Session 038 — CloudWatch: Composite Alarms, anomaly detection and automated actions
Dependencies: session-037-cloudwatch-logs-insights-queries
Objective
By the end of this session, you will be able to create a Composite Alarm that only fires when errors and high latency occur simultaneously (reducing false positives), enable anomaly detection on a metric and adjust the tolerance band, configure alarm actions that invoke Lambda or SSM Automation (beyond SNS), and understand alarm states and the semantics of MISSING_DATA.
Context
[FACT] A standard CloudWatch alarm monitors a single metric with a fixed threshold. Two advanced features extend this: Composite Alarms combine multiple alarms via logical expressions (AND, OR, NOT), and Anomaly Detection replaces the fixed threshold with a dynamic band calculated by ML based on the metric's history.
[CONSENSUS] The main motivation for Composite Alarms in production is to reduce false positives: a latency spike at 3 AM without an increase in errors rarely requires waking someone up. Composite Alarms allow modeling this reasoning: ALARM(HighLatency) AND ALARM(HighErrorRate) — only fires if both are true simultaneously.
Key concepts
1. Alarm states and evaluation semantics
[FACT] Every CloudWatch alarm (simple or composite) can be in one of three states:
Estado Significado
────────────────────────────────────────────────────────────────
OK Métrica está dentro do threshold / banda
ALARM Métrica violou o threshold / banda
INSUFFICIENT_DATA Dados insuficientes para avaliar
(comum em alarmes recém-criados ou métricas
com low-cardinality de dados)
[FACT] The Datapoints to alarm (M out of N) parameter controls sensitivity:
M de N — exemplo: 3 de 5
┌─────────────────────────────────────────────────────┐
│ Evaluation periods (N): 5 │
│ Datapoints to alarm (M): 3 │
│ │
│ Alarme só dispara se 3 dos últimos 5 pontos │
│ violarem o threshold — reduz falsos positivos │
│ em métricas ruidosas │
└─────────────────────────────────────────────────────┘
M = N (ex: 3 de 3): N períodos consecutivos violando → alarme dispara
M < N (ex: 2 de 5): menos sensível a outliers isolados
[FACT] Missing data treatment — behavior when data points are absent:
Valor Comportamento
────────────────────────────────────────────────────────────────
notBreaching Ausência = OK (dados faltando são normais)

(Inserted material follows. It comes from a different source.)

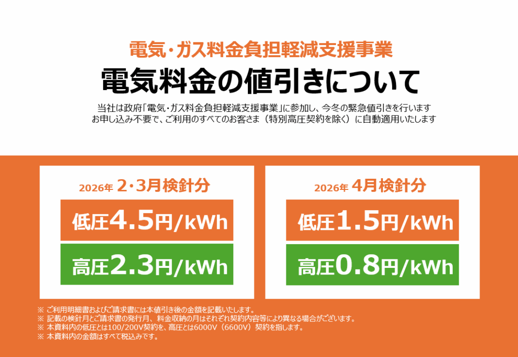 これにより2026年2月検針分より同4月検針分まで、当社のお客さまは電気料金の「燃料費調整額単価」に値引きが行われます。この値引きをお受けいただくことにおいて、お客さまに行って頂く手続きや、当社へのご連絡等の必要は一切ございません。

breaching Ausência = ALARM (ex: heartbeat — ausência é falha)
ignore Mantém estado atual do alarm
missing Alarm vai para INSUFFICIENT_DATA
2. Composite Alarms: rule expression
[FACT] A Composite Alarm evaluates an AlarmRule — a boolean expression over the states of other alarms. It supports ALARM(), OK(), INSUFFICIENT_DATA() as state functions, and AND, OR, NOT, parentheses as logical operators.
Exemplos de AlarmRule:
-- Dispara apenas se AMBAS as condições estiverem em ALARM
ALARM("payment-high-error-rate") AND ALARM("payment-high-latency")
-- Dispara se qualquer uma estiver em ALARM
ALARM("payment-high-error-rate") OR ALARM("payment-high-latency")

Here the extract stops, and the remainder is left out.